• **TASK DETAILS**
Print only the lines running from the line with "This stylishly skirted" to the final line below, both included, exactly as written and without the pictures.

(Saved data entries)
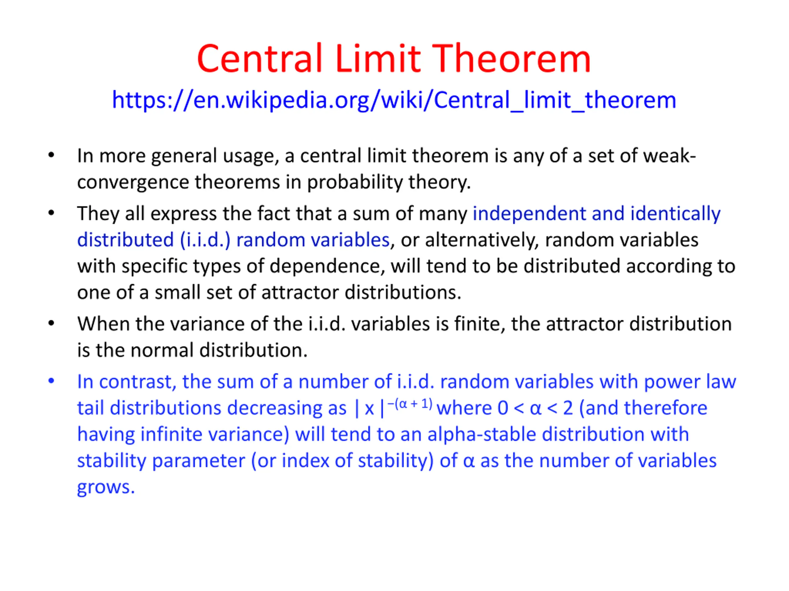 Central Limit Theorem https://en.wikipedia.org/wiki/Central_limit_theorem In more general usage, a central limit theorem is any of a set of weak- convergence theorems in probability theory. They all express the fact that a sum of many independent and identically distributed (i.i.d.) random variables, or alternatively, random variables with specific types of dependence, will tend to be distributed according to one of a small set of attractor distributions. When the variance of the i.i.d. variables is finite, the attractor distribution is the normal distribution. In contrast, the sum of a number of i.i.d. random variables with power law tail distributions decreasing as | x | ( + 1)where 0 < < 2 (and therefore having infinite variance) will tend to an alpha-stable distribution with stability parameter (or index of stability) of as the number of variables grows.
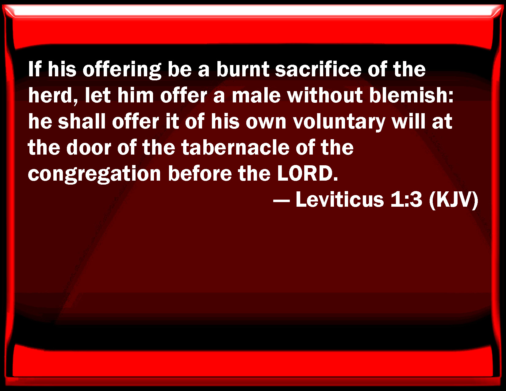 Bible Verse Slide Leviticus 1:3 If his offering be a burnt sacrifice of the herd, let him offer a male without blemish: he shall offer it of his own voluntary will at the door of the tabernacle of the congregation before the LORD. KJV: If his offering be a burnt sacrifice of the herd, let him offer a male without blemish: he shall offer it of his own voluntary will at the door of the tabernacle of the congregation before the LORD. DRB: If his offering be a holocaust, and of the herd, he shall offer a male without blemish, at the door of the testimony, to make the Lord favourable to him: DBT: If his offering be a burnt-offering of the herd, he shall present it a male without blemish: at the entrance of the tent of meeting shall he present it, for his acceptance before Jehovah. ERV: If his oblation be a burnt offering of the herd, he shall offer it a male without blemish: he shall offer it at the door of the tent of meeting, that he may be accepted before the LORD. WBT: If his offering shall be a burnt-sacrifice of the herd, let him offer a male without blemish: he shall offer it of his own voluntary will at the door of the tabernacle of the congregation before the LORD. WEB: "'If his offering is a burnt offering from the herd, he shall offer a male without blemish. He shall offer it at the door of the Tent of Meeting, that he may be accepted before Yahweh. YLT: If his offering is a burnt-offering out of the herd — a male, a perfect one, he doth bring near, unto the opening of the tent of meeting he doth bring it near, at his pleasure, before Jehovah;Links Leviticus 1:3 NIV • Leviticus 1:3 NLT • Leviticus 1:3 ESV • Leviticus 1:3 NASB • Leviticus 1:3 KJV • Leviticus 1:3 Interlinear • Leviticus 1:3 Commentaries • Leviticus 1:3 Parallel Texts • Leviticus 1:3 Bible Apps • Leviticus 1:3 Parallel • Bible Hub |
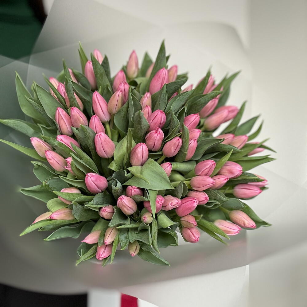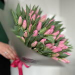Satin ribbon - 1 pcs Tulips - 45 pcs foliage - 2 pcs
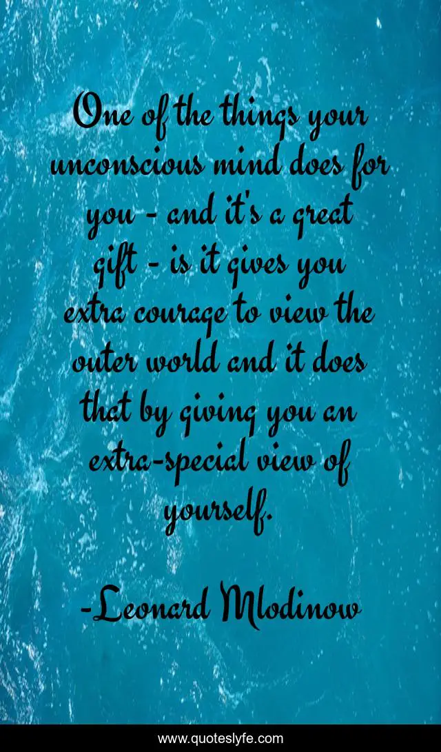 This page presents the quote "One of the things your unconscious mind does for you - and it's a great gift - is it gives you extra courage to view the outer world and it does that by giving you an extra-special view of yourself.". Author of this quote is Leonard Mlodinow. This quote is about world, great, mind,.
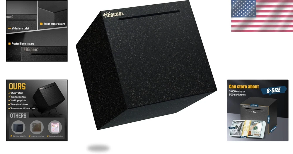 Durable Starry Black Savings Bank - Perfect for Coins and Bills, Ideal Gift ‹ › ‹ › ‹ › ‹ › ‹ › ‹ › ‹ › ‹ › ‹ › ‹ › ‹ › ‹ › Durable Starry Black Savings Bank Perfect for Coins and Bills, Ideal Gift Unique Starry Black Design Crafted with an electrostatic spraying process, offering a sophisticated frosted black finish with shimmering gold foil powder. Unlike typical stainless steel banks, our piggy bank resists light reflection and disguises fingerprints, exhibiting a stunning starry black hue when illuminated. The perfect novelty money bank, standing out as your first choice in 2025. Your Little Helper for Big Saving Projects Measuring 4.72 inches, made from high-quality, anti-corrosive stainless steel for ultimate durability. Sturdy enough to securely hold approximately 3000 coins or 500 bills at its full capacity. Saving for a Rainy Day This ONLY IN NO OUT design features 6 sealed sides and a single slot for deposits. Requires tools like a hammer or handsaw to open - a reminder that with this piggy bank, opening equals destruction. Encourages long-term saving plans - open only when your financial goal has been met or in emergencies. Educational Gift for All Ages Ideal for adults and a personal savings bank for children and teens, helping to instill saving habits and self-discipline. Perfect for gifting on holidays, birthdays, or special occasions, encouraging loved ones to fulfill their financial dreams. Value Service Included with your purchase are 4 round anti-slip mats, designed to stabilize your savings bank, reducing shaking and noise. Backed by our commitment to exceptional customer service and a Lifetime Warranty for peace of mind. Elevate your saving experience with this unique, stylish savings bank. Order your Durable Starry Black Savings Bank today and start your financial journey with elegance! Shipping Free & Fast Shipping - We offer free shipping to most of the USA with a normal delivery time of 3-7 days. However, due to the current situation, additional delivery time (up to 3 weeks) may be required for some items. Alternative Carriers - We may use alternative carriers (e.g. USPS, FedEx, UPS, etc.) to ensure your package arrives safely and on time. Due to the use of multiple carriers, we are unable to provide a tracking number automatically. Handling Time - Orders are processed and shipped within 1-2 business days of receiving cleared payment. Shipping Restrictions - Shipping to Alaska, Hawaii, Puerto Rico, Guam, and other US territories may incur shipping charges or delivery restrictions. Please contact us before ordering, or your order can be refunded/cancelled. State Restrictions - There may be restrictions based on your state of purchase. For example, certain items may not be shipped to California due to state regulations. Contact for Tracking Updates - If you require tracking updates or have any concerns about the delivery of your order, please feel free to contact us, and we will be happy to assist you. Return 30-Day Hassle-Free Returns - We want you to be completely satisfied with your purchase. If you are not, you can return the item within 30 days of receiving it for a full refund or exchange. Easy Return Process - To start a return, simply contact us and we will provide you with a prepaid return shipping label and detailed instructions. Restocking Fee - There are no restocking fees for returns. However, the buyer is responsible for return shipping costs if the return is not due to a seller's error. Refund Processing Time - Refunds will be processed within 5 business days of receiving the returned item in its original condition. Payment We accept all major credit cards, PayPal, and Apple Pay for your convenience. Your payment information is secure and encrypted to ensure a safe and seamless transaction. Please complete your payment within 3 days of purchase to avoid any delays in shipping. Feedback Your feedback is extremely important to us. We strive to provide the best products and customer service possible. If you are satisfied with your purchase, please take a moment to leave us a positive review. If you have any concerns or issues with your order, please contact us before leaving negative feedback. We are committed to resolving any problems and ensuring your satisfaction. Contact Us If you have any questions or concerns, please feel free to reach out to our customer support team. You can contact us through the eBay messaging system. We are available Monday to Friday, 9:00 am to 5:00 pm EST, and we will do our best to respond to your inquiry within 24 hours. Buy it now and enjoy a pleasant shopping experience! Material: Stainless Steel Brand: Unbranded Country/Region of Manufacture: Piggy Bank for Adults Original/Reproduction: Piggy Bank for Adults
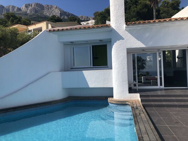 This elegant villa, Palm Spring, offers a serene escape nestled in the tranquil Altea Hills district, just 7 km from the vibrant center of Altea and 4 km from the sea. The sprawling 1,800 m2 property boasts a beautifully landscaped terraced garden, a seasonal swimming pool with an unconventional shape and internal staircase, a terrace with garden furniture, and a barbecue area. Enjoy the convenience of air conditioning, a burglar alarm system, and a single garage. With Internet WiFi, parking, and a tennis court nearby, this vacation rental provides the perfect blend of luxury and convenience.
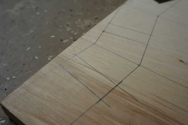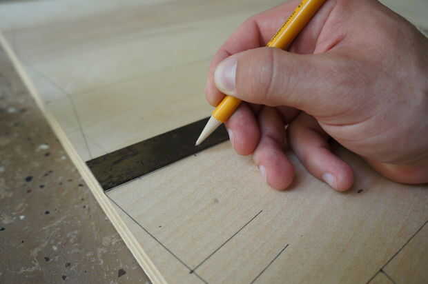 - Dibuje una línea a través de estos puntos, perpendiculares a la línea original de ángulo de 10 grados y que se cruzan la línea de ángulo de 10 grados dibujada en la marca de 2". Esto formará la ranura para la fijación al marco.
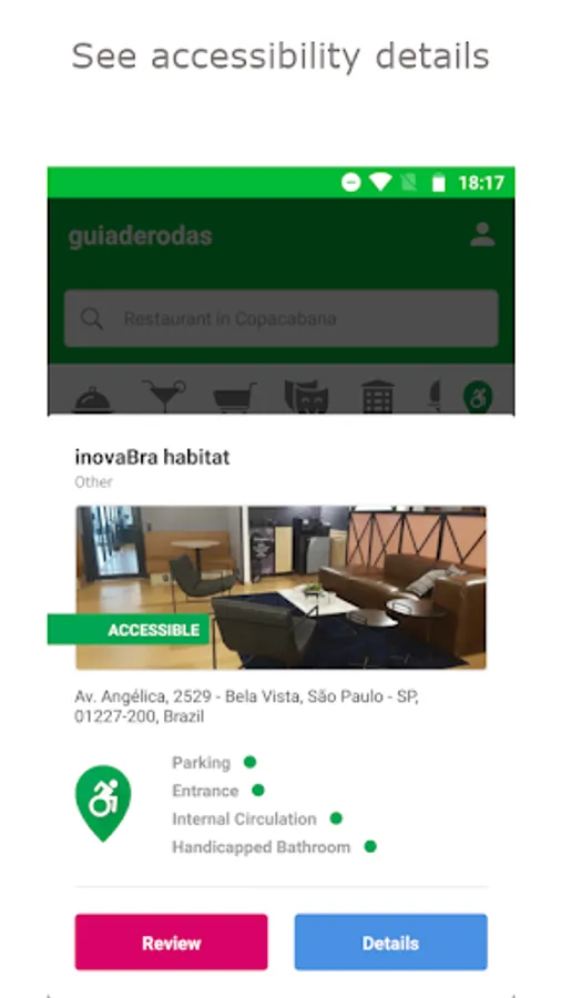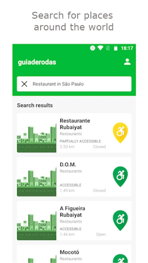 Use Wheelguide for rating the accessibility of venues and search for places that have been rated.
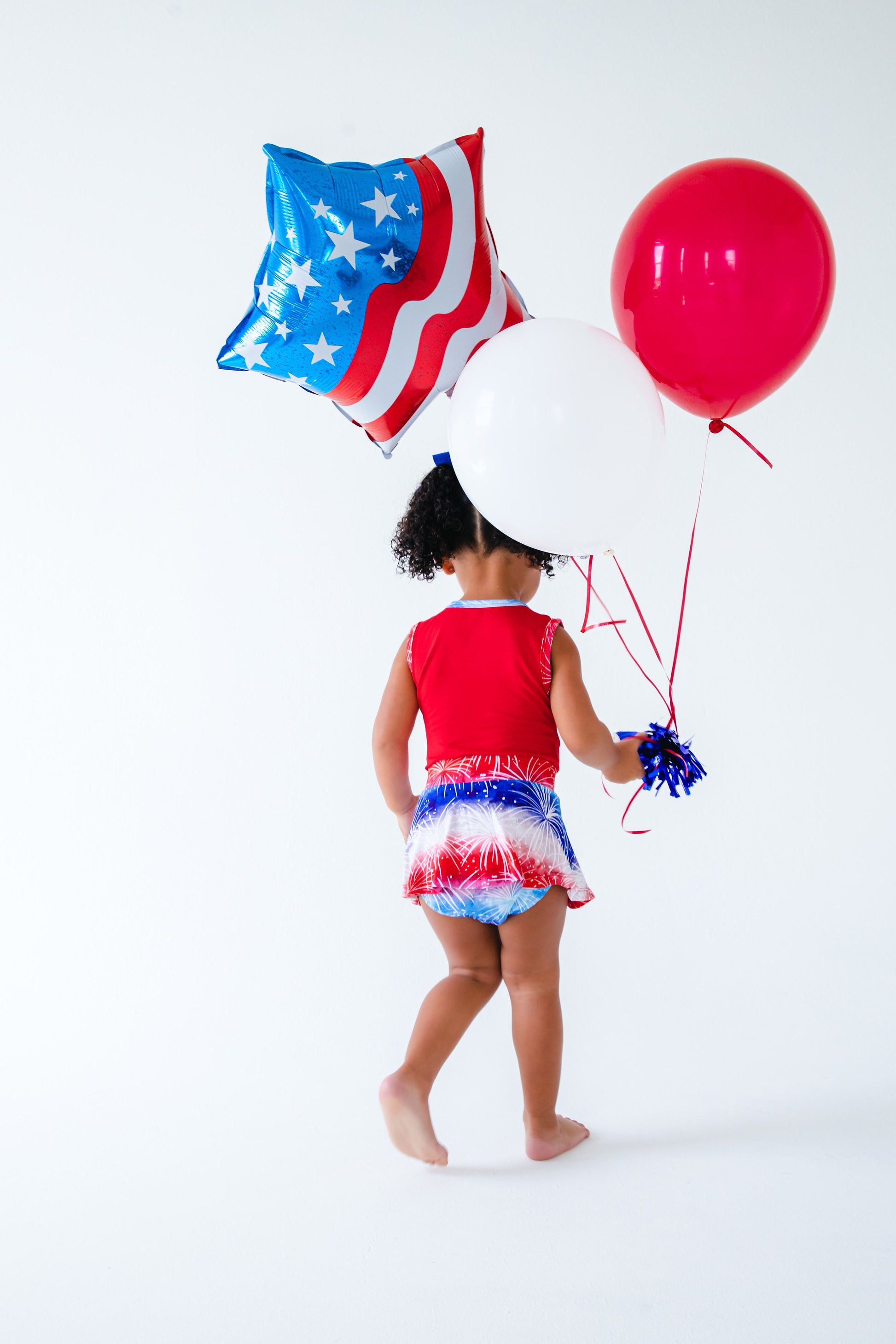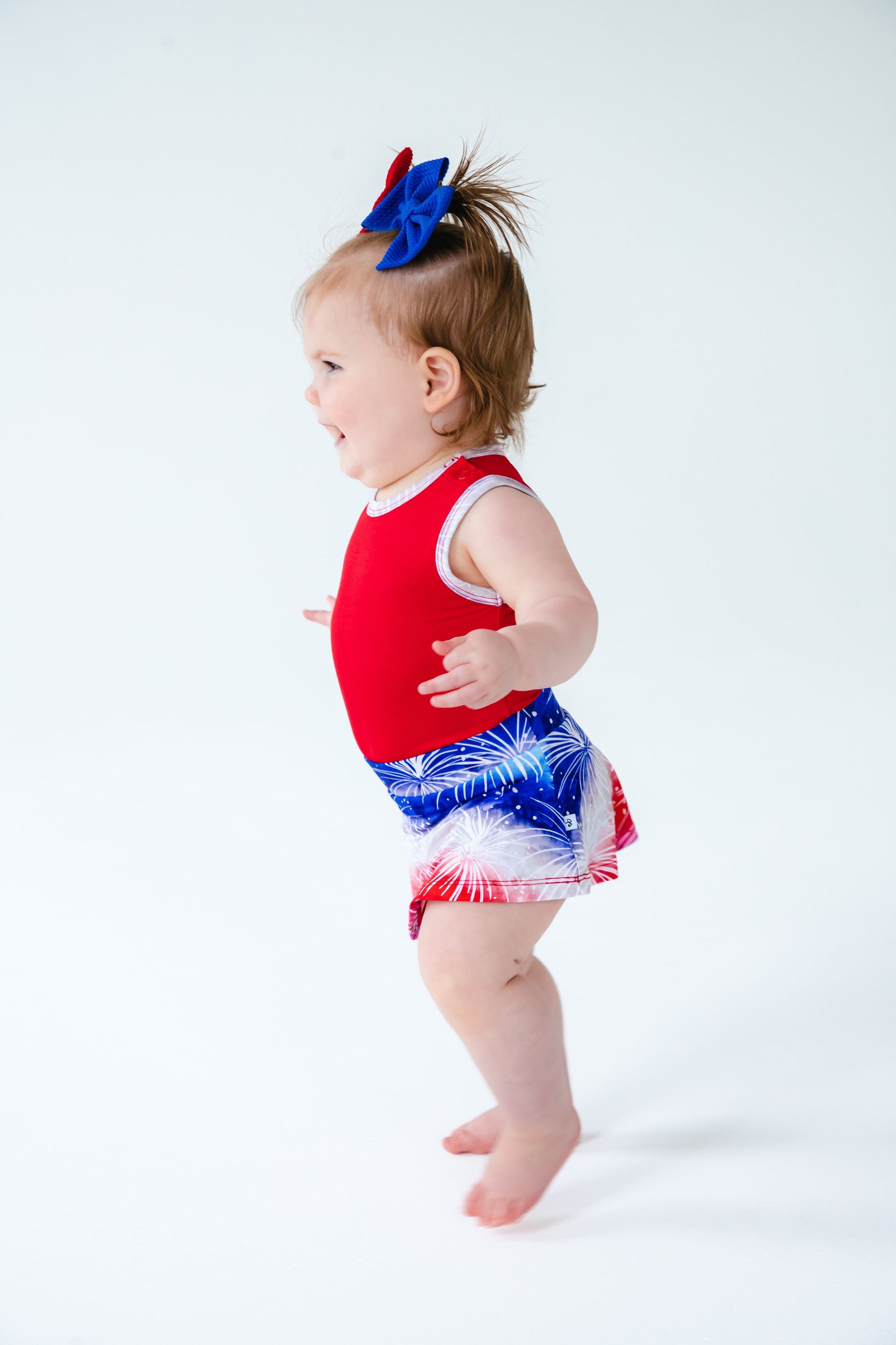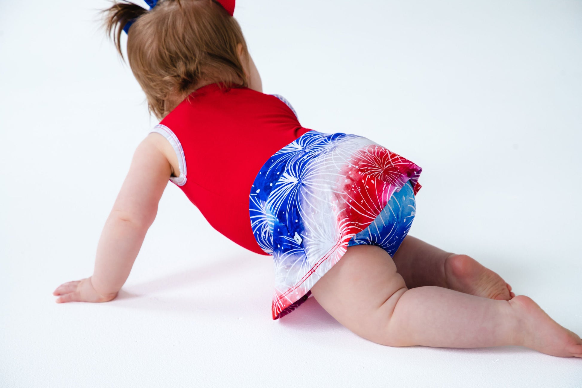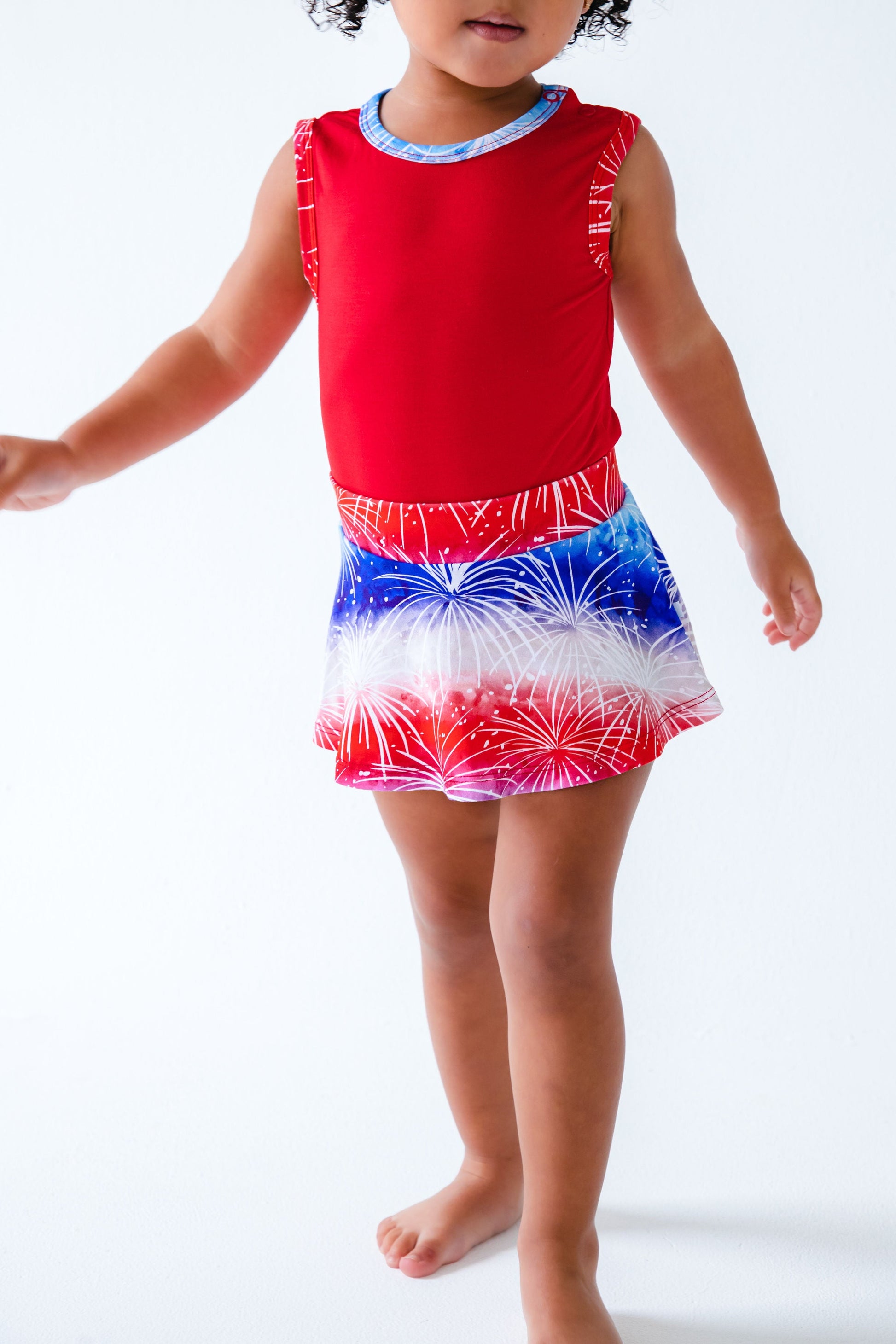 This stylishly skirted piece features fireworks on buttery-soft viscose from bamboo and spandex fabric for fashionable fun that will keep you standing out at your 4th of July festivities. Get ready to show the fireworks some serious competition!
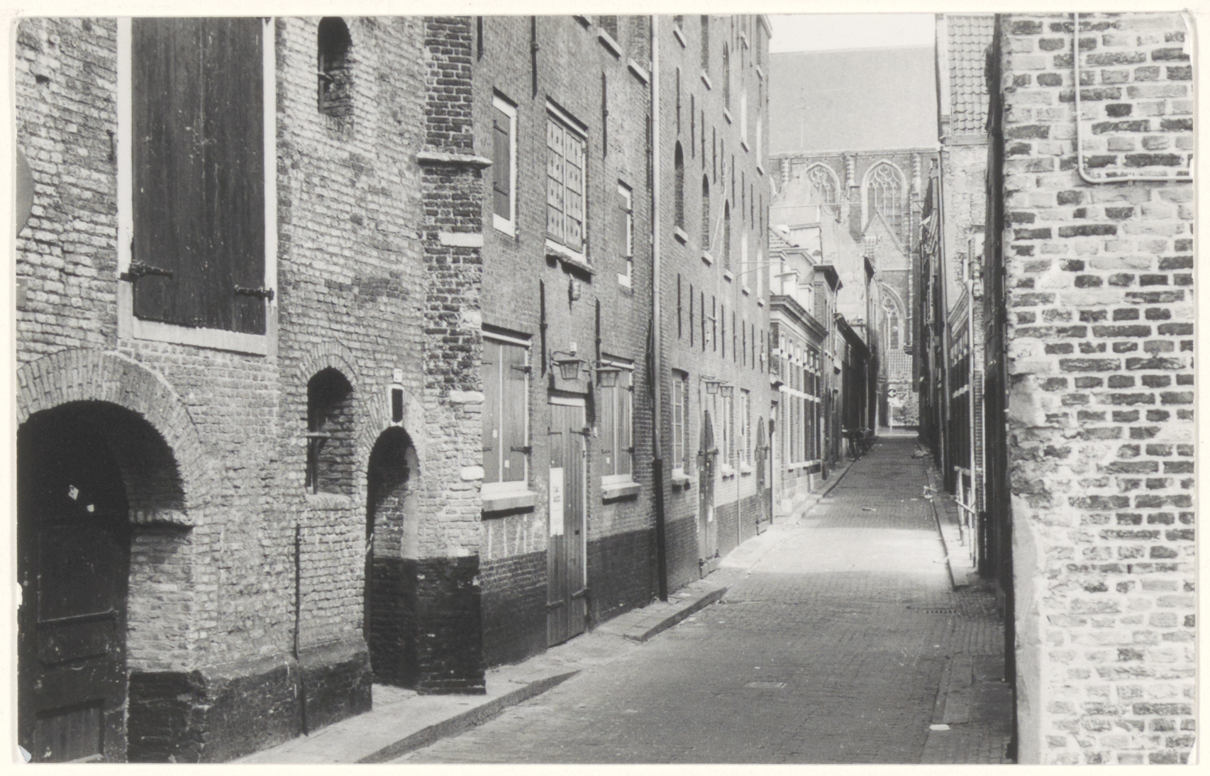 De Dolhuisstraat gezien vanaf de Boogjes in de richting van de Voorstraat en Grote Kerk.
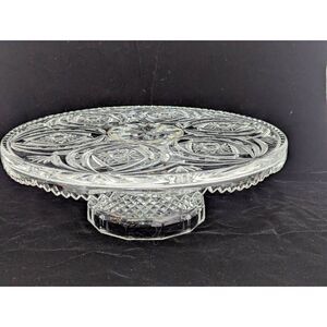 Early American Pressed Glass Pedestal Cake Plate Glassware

• **WRITTEN ANSWER**
 This stylishly skirted piece features fireworks on buttery-soft viscose from bamboo and spandex fabric for fashionable fun that will keep you standing out at your 4th of July festivities. Get ready to show the fireworks some serious competition!
 De Dolhuisstraat gezien vanaf de Boogjes in de richting van de Voorstraat en Grote Kerk.
 Early American Pressed Glass Pedestal Cake Plate Glassware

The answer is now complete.